Stella. Oh, Stella. Her time in the workroom can best be summarized by the word, "stalled." She was a mass of indecision. She struggled with a red plastic tablecloth, but feared that she didn't have enough of it. Terri offered to give her some of her same red plastic, which was enormously generous, and I gave both of them permission to do this. So, what happened to the red plastic? I don't know. All that I know is that at the last minute, Stella swapped it out for those nasty, flimsy black garbage bags. The look that she created was preposterous, a deformed apron, in my opinion. My certainty that she would be a goner was underscored by my longing for the red plastic tablecloth. Now there's a statement!

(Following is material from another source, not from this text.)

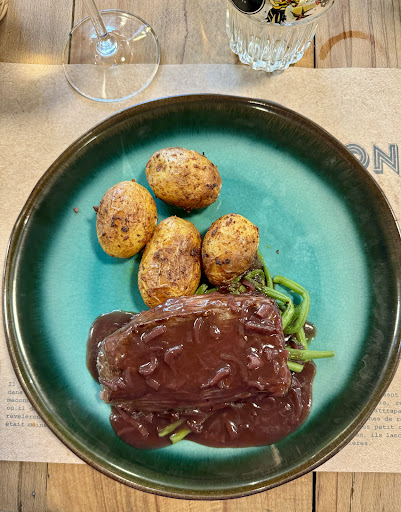 Le restaurant lui-même est très agréable, avec une cour extérieure idéale pour les beaux jours. À l’intérieur, la décoration est soignée et met souvent à l’honneur des œuvres d’art. Le Cadichon est une véritable affaire de famille, avec Julien, l’hôte parfait et sympa, qui gère la salle, et son frère Nicolas, talentueux chef en cuisine. Laure, également membre de la famille, est toujours attentionnée et prend nos commandes avec le sourire.

Suede used a navy and white checkerboard plastic tablecloth (it screamed "picnic!") for the core of his strapless dress. And I was amused by his use of doggy clean-up bags for the ruffle embellishment at the hem and neckline. Thankfully, he broke up the expanse of the picnic tablecloth with blue transparent plastic squares, the source of which continue to elude me. What are they? In any case, he mitigated the tablecloth dilemma and passed through unscathed. Terri wowed me with the weaving and of the mop heads to form the top of her look. It was innovation, resourceful, and beautifully proportioned. Why, then, did she choose to pair it with that lackluster red plastic (tablecloth) skirt? I found the skirt to be a throwaway and I feared that it may detract from the resounding success of the top. Thankfully, she got by.